Write out the data below exactly as given, without any of its pictures.

* [DATA EXTRACT]:
[Start of section]

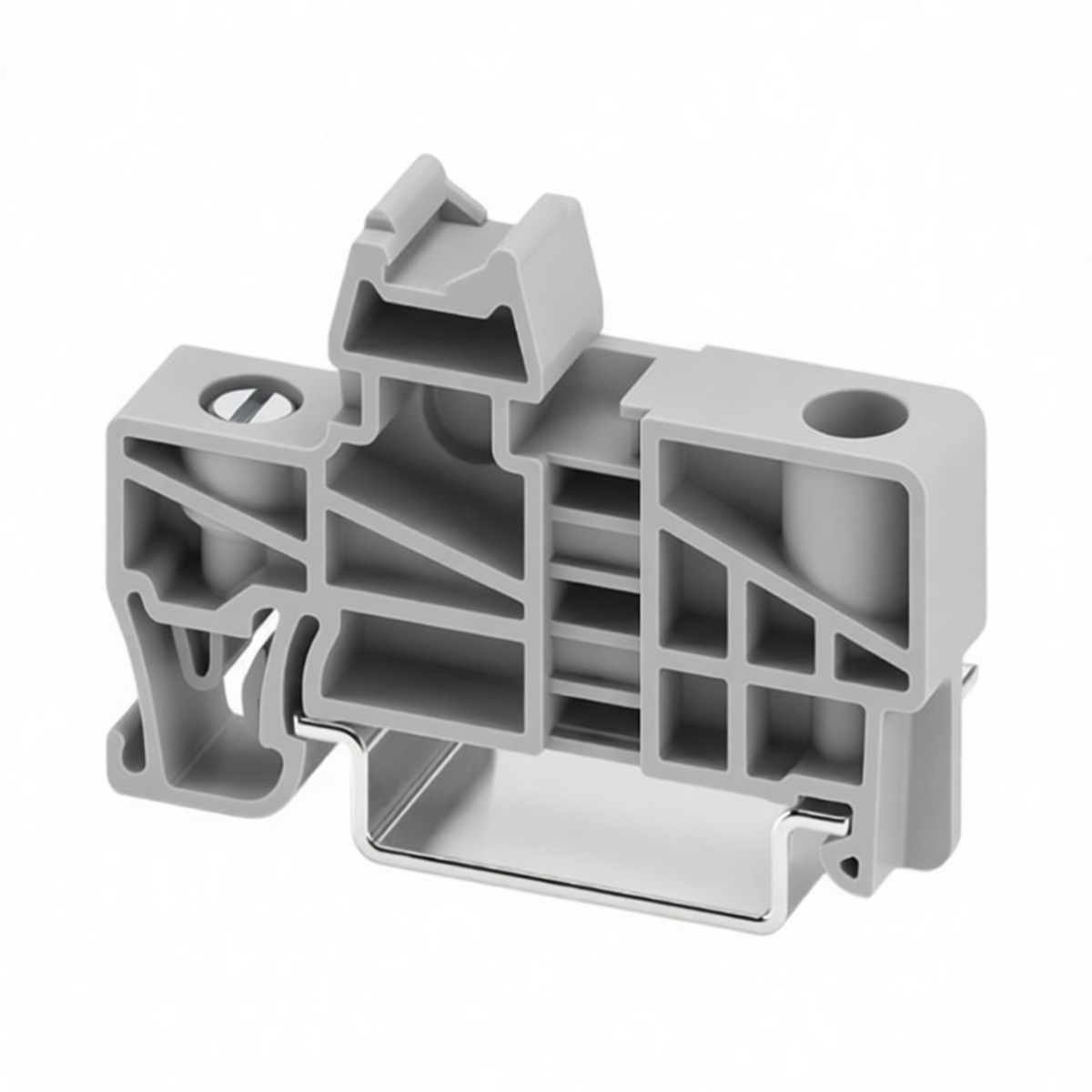 Designed for secure component retention on standard DIN rails, this polyamide end stop provides reliable mechanical stability within wireway systems. Constructed from durable polyamide, the unit measures 0.24 inches in length and offers robust resistance to environmental stressors without electrical rating constraints. Ideal for organizing control panels, these stops prevent lateral movement of terminal blocks and accessories, ensuring consistent spacing and system integrity. Supplied in packages of 500, this solution supports high-volume industrial installations requiring precise, non-conductive rail termination compatible with standard mounting profiles.
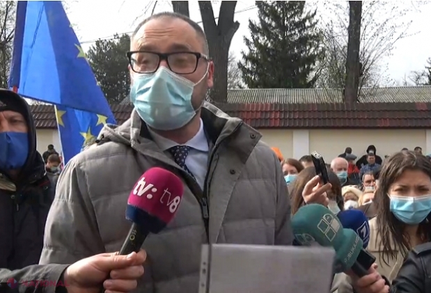 VIDEO // Blocul ACUM, refăcut în fața CC. PAS și PPDA, front comun în încercarea de a împiedica intrarea lui Boris Lupașcu, votat de PSRM-ȘOR în funcția de judecător, în sediul Înaltei Curți
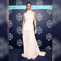 В галерее Tokio Node в Токио прошло открытие выставки Tiffany & Co. Tiffany Wonder. Для выхода на публику Рози Хантингтон-Уайтли предпочла белое облегающее платье с полупрозрачной юбкой. Образ также дополнили босоножки и брошь. Волосы ей уложили в аккуратный хвост и сделали макияж с красно-кирпичной помадой.

[End of section]

* [TASK SOLUTION]:
 Designed for secure component retention on standard DIN rails, this polyamide end stop provides reliable mechanical stability within wireway systems. Constructed from durable polyamide, the unit measures 0.24 inches in length and offers robust resistance to environmental stressors without electrical rating constraints. Ideal for organizing control panels, these stops prevent lateral movement of terminal blocks and accessories, ensuring consistent spacing and system integrity. Supplied in packages of 500, this solution supports high-volume industrial installations requiring precise, non-conductive rail termination compatible with standard mounting profiles.
 VIDEO // Blocul ACUM, refăcut în fața CC. PAS și PPDA, front comun în încercarea de a împiedica intrarea lui Boris Lupașcu, votat de PSRM-ȘOR în funcția de judecător, în sediul Înaltei Curți
 В галерее Tokio Node в Токио прошло открытие выставки Tiffany & Co. Tiffany Wonder. Для выхода на публику Рози Хантингтон-Уайтли предпочла белое облегающее платье с полупрозрачной юбкой. Образ также дополнили босоножки и брошь. Волосы ей уложили в аккуратный хвост и сделали макияж с красно-кирпичной помадой.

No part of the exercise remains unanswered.